**REQUIRED WORK:**
Everything from the line with "圖中可見道路測試完畢之後的車" down to the line with "Односторонняя позитивная токарная" below must be printed exactly, those two lines included. Exclude pictures.

**INFORMATION PROVIDED:**
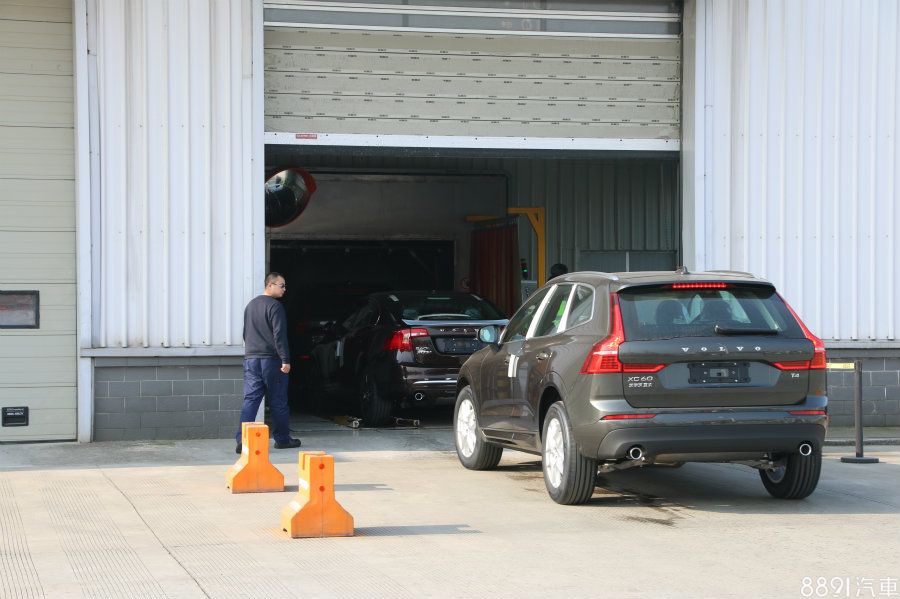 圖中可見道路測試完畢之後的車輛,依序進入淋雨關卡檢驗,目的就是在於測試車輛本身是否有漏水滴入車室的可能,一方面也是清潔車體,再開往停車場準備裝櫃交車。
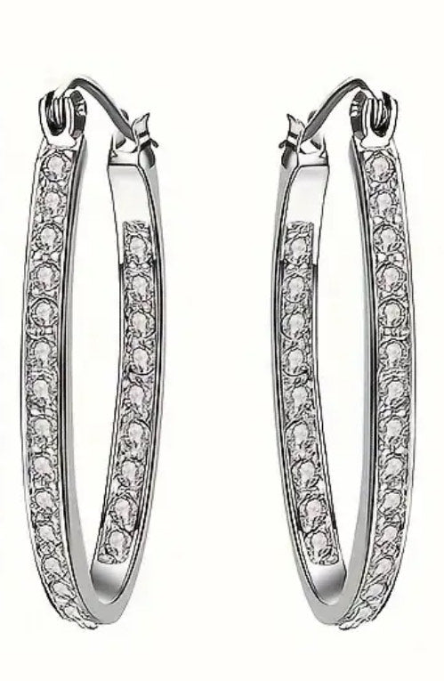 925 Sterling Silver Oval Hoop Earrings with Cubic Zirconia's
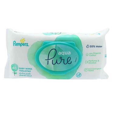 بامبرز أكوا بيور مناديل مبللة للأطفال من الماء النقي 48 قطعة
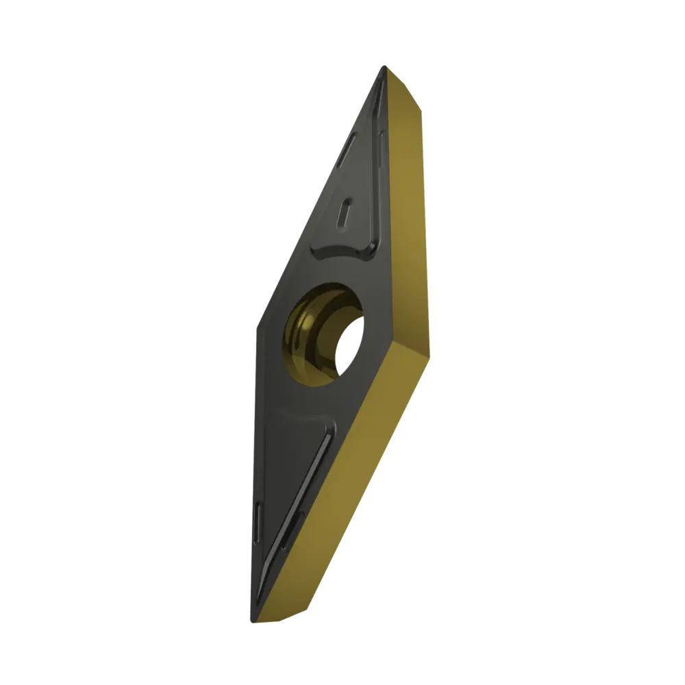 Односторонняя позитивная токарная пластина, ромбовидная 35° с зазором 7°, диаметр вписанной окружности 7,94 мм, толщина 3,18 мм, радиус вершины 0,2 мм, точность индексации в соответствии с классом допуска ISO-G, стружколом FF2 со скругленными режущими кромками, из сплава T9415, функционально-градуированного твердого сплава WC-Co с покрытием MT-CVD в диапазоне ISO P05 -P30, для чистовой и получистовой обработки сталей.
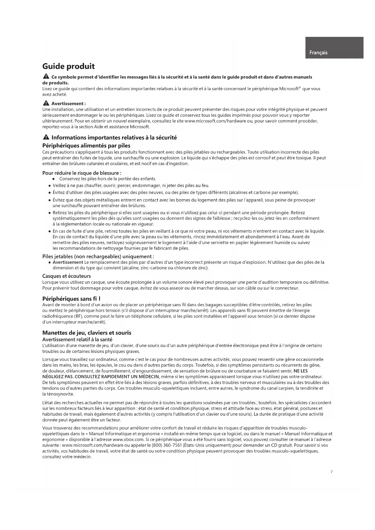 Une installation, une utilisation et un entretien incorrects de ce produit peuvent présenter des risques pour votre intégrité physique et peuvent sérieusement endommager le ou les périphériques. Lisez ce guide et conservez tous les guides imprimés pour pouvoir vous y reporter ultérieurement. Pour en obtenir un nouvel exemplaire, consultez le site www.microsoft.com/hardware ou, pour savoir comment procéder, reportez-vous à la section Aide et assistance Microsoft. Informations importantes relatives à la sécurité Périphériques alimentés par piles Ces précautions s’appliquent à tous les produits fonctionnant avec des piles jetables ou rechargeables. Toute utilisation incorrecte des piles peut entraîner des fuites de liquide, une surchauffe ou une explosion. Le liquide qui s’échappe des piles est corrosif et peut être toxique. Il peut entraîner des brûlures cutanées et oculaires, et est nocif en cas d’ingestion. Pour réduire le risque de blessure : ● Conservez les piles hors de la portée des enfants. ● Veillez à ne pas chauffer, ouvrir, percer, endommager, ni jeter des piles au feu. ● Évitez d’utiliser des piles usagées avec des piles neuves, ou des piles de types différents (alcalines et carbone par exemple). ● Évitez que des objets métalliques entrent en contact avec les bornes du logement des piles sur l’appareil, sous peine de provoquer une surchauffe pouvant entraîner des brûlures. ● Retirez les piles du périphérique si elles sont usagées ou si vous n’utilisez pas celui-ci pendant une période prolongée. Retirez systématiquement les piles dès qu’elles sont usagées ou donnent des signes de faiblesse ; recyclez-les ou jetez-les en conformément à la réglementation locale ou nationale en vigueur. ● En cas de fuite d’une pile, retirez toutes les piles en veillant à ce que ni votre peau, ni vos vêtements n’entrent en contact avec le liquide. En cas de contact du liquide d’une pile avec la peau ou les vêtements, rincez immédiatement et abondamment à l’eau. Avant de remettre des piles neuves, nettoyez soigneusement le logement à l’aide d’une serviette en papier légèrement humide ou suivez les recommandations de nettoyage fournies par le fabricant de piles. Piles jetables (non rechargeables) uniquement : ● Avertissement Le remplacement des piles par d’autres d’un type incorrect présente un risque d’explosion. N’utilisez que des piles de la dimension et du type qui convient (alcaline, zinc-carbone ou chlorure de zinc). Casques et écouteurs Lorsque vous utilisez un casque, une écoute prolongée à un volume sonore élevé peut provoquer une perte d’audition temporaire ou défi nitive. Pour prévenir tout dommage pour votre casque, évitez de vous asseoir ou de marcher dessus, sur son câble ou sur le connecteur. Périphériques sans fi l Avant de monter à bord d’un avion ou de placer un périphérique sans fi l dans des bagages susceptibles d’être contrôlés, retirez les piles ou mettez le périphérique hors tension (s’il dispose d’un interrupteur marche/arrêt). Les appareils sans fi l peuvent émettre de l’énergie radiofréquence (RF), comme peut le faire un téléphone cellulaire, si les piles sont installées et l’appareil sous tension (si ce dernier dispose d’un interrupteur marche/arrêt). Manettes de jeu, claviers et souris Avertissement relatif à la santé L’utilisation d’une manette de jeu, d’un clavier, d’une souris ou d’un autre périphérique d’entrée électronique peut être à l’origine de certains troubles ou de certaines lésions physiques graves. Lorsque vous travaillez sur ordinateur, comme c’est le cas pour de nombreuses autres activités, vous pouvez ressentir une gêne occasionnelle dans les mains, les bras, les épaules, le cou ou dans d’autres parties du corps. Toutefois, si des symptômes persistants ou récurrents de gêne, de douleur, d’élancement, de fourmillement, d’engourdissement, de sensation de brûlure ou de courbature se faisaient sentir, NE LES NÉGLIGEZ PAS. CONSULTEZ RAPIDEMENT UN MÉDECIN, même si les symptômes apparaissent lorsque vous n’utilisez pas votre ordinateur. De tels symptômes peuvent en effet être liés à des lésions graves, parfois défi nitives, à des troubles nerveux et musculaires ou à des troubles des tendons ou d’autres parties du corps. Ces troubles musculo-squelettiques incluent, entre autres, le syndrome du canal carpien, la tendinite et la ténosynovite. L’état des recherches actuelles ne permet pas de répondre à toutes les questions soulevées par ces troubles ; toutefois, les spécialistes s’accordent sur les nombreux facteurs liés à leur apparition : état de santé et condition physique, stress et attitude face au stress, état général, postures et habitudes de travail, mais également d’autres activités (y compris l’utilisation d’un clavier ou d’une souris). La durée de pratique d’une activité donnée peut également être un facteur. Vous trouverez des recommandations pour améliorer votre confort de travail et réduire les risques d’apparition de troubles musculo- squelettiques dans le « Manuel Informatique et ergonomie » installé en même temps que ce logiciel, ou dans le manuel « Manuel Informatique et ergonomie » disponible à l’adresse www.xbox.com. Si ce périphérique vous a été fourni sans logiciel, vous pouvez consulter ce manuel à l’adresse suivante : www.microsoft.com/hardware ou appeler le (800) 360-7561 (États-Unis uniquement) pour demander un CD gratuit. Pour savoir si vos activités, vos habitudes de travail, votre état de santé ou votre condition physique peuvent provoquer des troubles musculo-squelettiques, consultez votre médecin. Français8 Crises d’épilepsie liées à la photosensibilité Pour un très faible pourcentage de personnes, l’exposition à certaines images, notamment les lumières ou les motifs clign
==
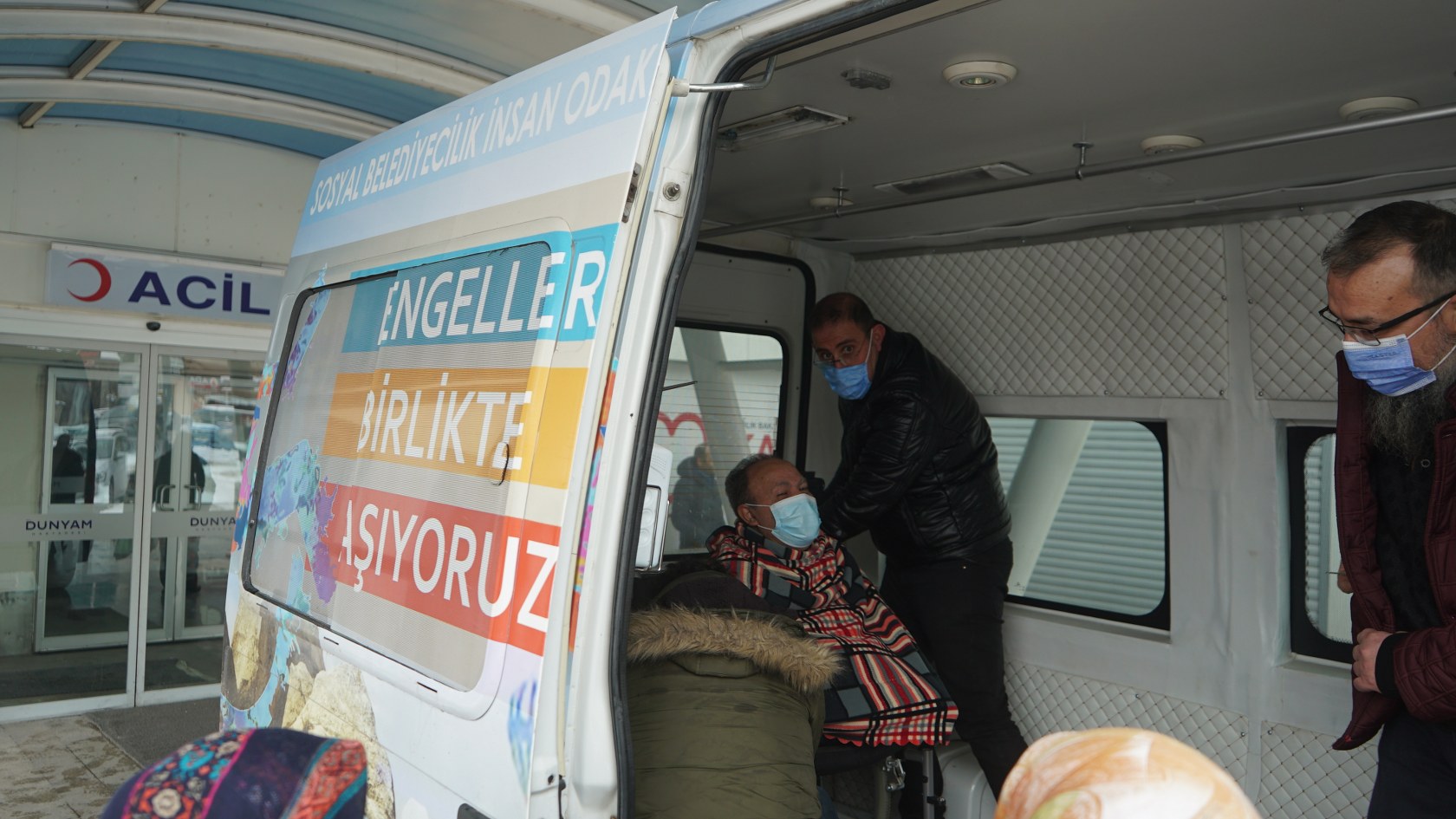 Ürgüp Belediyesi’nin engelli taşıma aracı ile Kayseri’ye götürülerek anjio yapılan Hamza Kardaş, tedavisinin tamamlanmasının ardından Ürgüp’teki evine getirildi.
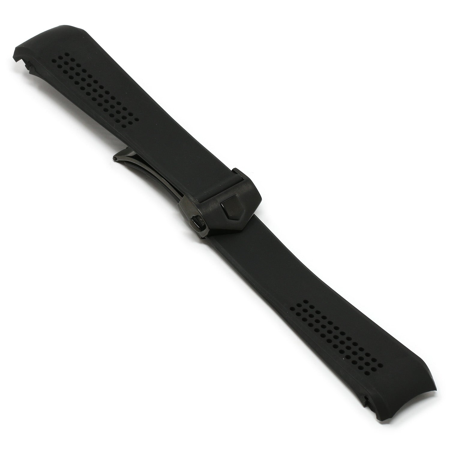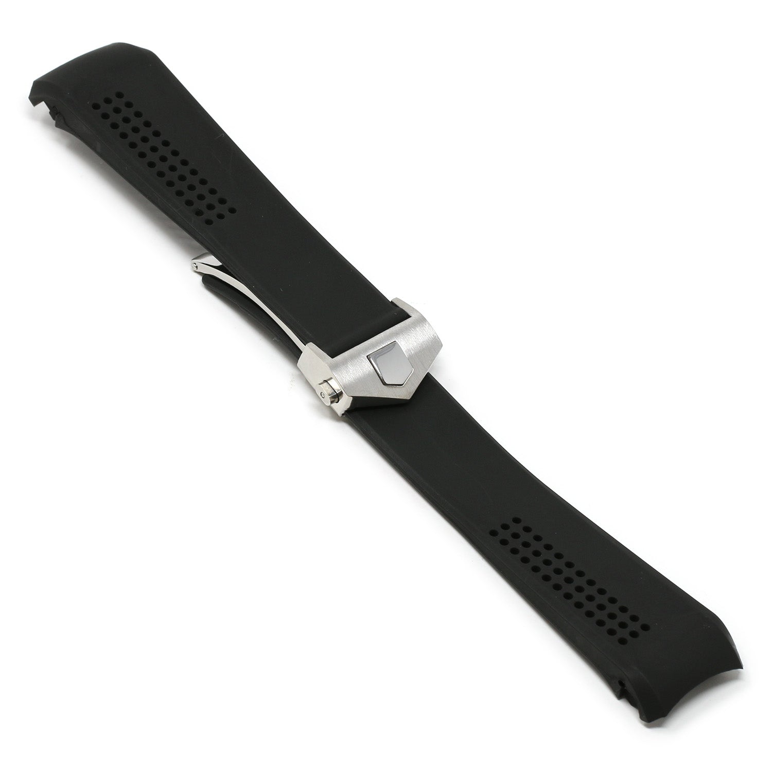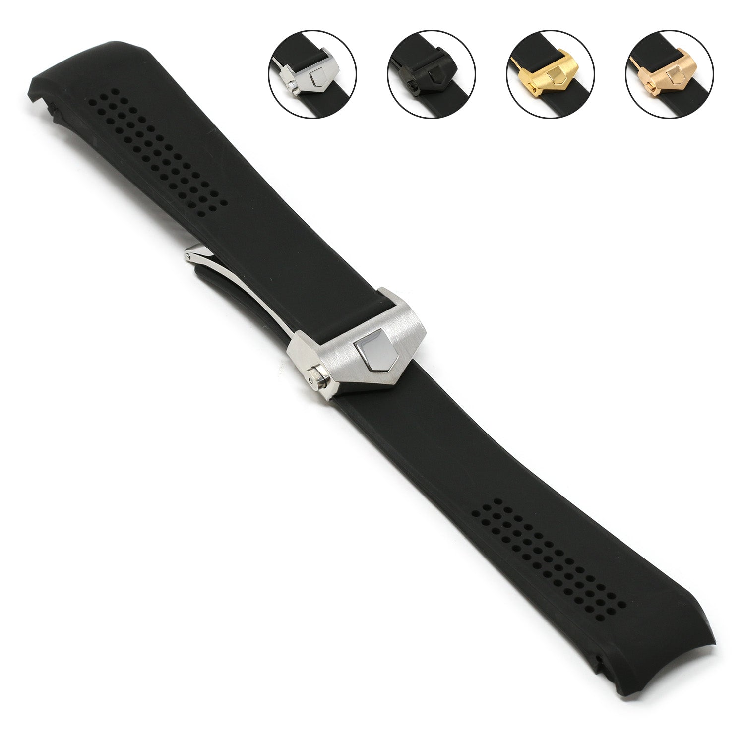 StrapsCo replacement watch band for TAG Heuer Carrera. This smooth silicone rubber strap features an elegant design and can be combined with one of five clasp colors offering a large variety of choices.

**ANSWER TO THE EXERCISE:**
 圖中可見道路測試完畢之後的車輛,依序進入淋雨關卡檢驗,目的就是在於測試車輛本身是否有漏水滴入車室的可能,一方面也是清潔車體,再開往停車場準備裝櫃交車。
 925 Sterling Silver Oval Hoop Earrings with Cubic Zirconia's
 بامبرز أكوا بيور مناديل مبللة للأطفال من الماء النقي 48 قطعة
 Односторонняя позитивная токарная пластина, ромбовидная 35° с зазором 7°, диаметр вписанной окружности 7,94 мм, толщина 3,18 мм, радиус вершины 0,2 мм, точность индексации в соответствии с классом допуска ISO-G, стружколом FF2 со скругленными режущими кромками, из сплава T9415, функционально-градуированного твердого сплава WC-Co с покрытием MT-CVD в диапазоне ISO P05 -P30, для чистовой и получистовой обработки сталей.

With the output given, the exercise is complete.